Chandrashekhar Sangashetty Patil (ಚಂದ್ರಶೇಖರ ಸಂಗಶೆಟ್ಟಿ ಪಾಟೀಲ, /kn/; 25 January 1918 – 22 December 1960) was an Indian freedom fighter and politician who served as Member of the Legislative Assembly who belonged to the Indian National Congress. Chandrashekhar Patil was born to Sangasetti Patil and Veeramma Patil in Mahagaon, Gulbarga on 25 January 1918. On 22 December 1960 he died in a motor vehicle accident. He was known for having participated in India's freedom struggle and the Liberation of Hyderabad Karnataka. Various books have been written on him, including Tiger of Hyderabad Karnataka Chandrashekhar Patil Mahagaon (published 2019) and ಪ್ರತಿಭಾವಂತ ಸಂಸದೀಯ ಪಟು ಪುಸ್ತಕ ಮೂಲಿಕೆ (published by the Government of Karnataka).

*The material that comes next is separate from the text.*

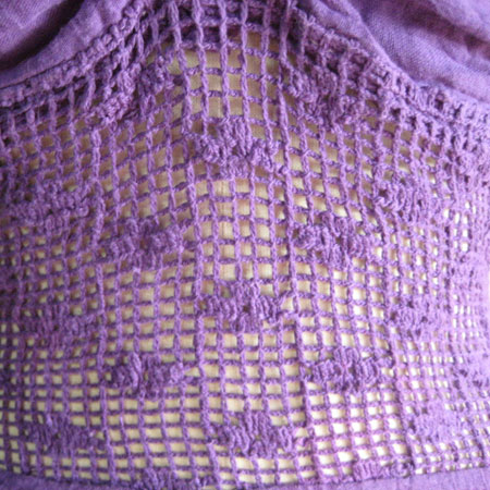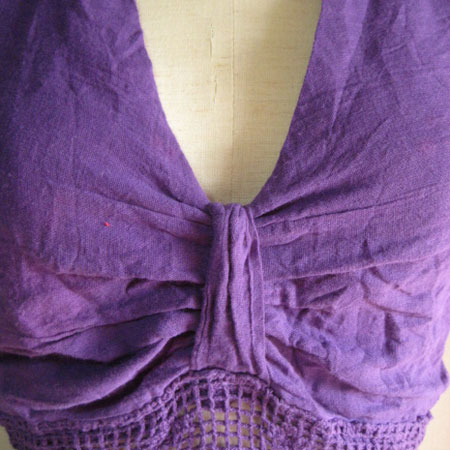 後ろはシャーリング、バックリボンつき。お腹部分はクロシェです。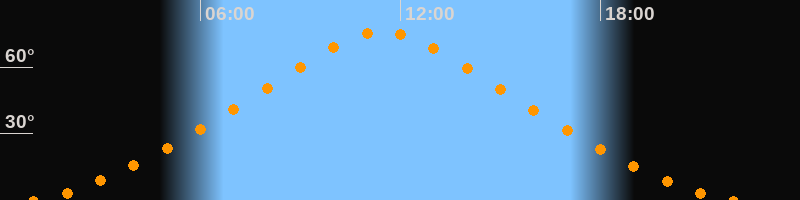 | Höchster Stand (Kulmination) | 11:28 Uhr (h = 75,9°) |

Chandrashekhar S. Patil belonged to the first Karnataka Legislative Assembly. He was elected for a second term in the second Karnataka Legislative assembly for the Aland constituency in 1957 but died before he could complete this term.

== Death ==
On December 20, 1960, while returning from a Khedda viewing program attended by Rajendra Prasad on a special bus with 23 other MLAs, Chandrashekhar S Patil was involved in a serious accident near Kengeri. The bus collided with a truck at the turn of a road, leaving him critically injured. Chandrashekhar S Patil was reported to by bleeding and was rushed to Victoria Hospital where he later succumbed to his injuries. His cremation was performed at Mahagaon with honor and adhering to Veerashaiva Lingayath rites in the presence of Gudleppa Hallikeri a freedom fighter from Hubli, Karnataka.